Hosting friends at your place can be a pleasant, warm, connective experience. Gathering those you love all in the same place, plus the added benefit of not having to travel anywhere yourself simply cannot be beat. However, you will need to reckon with the fact that these people will be within viewing distance of all your earthly possessions. Here’s how:
Make it a “kitchen only” type of hang.
Contain the hang to your kitchen plus the area of your apartment that’s directly by the front door. Punish those who wander off. Sure, people might catch a glimpse of your kitchen stuff, but it’s better than them glimpsing your living room or, god forbid, your bedroom.
Invest in canvas drop cloths like painters use.

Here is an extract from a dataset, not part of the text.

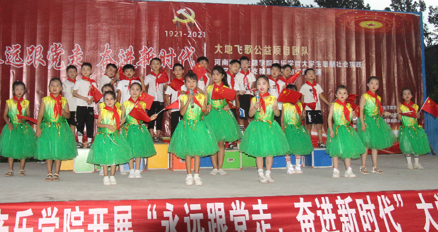 硕果悬枝砥砺奋进。“大地飞歌”项目从2019年12月实施以来,克服疫情、水灾等重重困难,师生赴府庄小学支教累计授课百余课时,受教学生8000多人次;在府庄小学和焦作市博爱县张茹集小学开展集中音乐培训2期,共计20余天,受教学生近200人;举办主题红色文艺演出2场。该项目被河南电视台都市频道、商都网、中原网、河南商报、中国搜索等多家媒体进行报道。

If you cover everything in your apartment with plain canvas drop cloths, nobody can pass judgment on your things! Wait, will they think it’s weird that you own so many canvas drop cloths? Because technically you own these now, too. Agh, there’s no escaping the prying, curious, good-natured eyes of those you know and love!
Be extremely cagey whenever someone looks at or makes a comment about any of your things.
If your friend checks their reflection in your mirror? Say, “Target, okay? I got it from fucking Target. Happy?” Even if they say something well-intentioned like, “I love your wall decor!” make sure to head them off by saying something cryptic like, “I literally have no idea what you’re talking about.” Even something as innocuous as, “Hey, where’s your bathroom?” could have mocking, or even evil, undertones. Make sure to respond in kind by saying something like, “Should I get my butler to show you where it is?” or “To use the bathroom you have to pay the toll…” They’ll drop the subject and avert their eyes in no time.
Be vulnerable and open yourself up to being known?
Wait, that’s crazy, right? Okay, yeah, it felt weird even to say. Definitely don’t do this. The creepy tarps are a better option than this.
Blindfolds.
Some restaurants do blindfolded dining experiences, right? To enhance the taste of the food, or whatever? Do that at your apartment, even though you’re not hosting a dinner party and this was supposed to be a movie-centric hang.
There you have it! Hopefully the tarps hold up and the blindfolds work because otherwise you’re at risk of creating richer and more intimate bonds with those you hold dearest. Good luck!